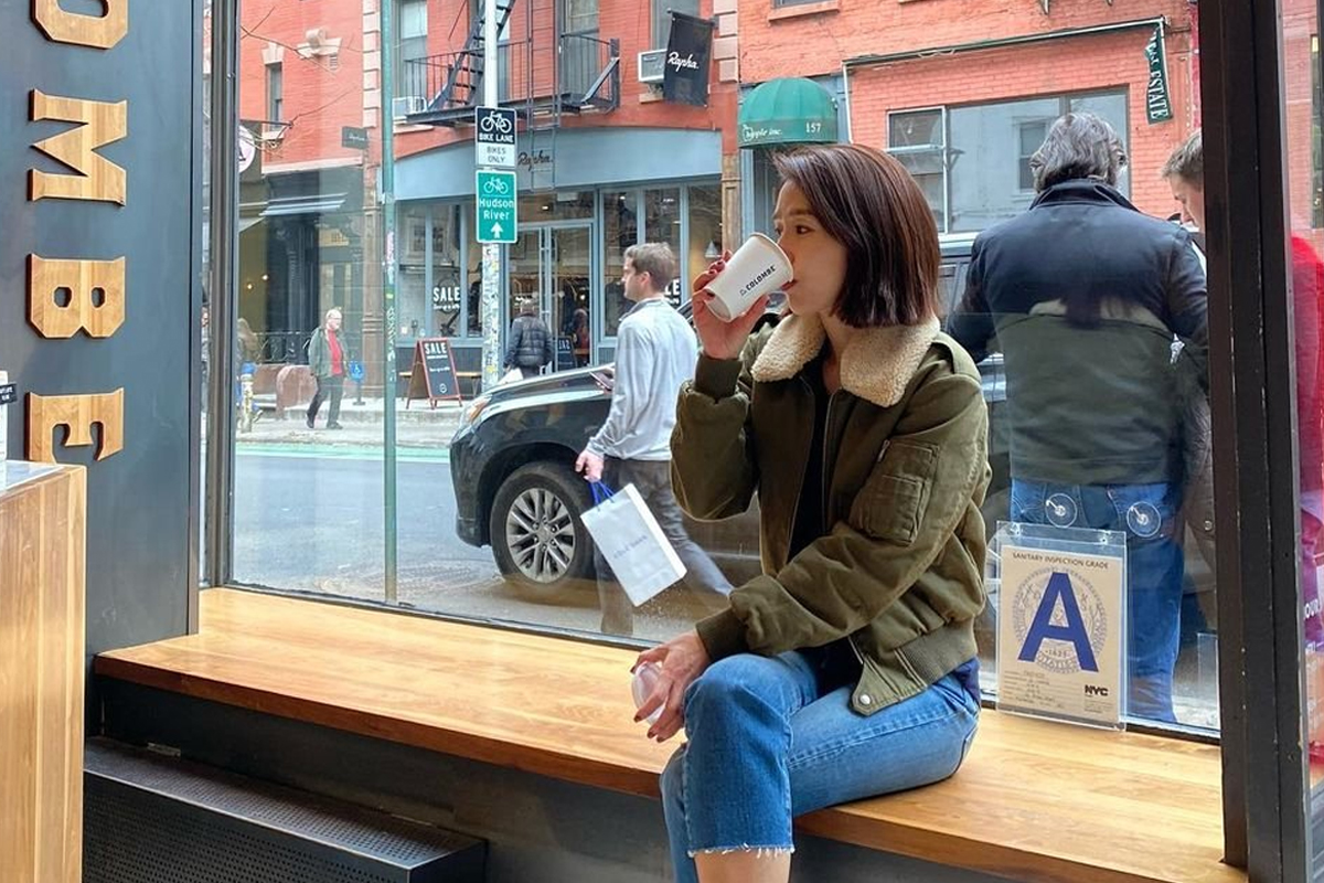 이진은 자신의 인스타그램에 ‘La Colombe Coffee’에서 커피를 마시고 있는 사진을 게재했습니다.
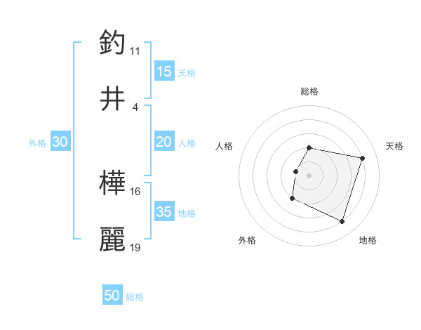 釣井 樺麗さんの総格は50画の2点!
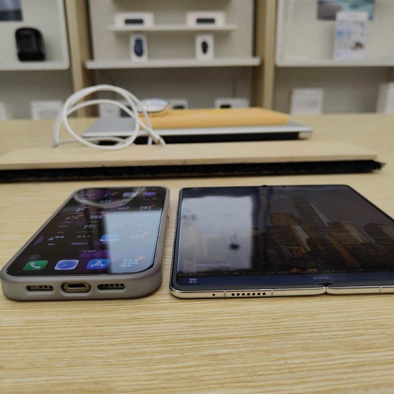 記事に戻る 【2023年】QOL爆あがり!近未来ガジェット3選 中国専門家が選ぶ買ってよかったハイテク家電の写真一覧 左がiPhone 13 Proで、右がHuawei Mate X3(筆者撮影) 1/8 下に画像が続きます 左がiPhone 13 Pro 右がHuawei Mate X3。見てくださいこの薄さ(著者撮影) 2/8
------------------------------------------------------------
What you return must match the material above exactly, apart from its pictures.

**Answer for the task:**
 이진은 자신의 인스타그램에 ‘La Colombe Coffee’에서 커피를 마시고 있는 사진을 게재했습니다.
 釣井 樺麗さんの総格は50画の2点!
 記事に戻る 【2023年】QOL爆あがり!近未来ガジェット3選 中国専門家が選ぶ買ってよかったハイテク家電の写真一覧 左がiPhone 13 Proで、右がHuawei Mate X3(筆者撮影) 1/8 下に画像が続きます 左がiPhone 13 Pro 右がHuawei Mate X3。見てくださいこの薄さ(著者撮影) 2/8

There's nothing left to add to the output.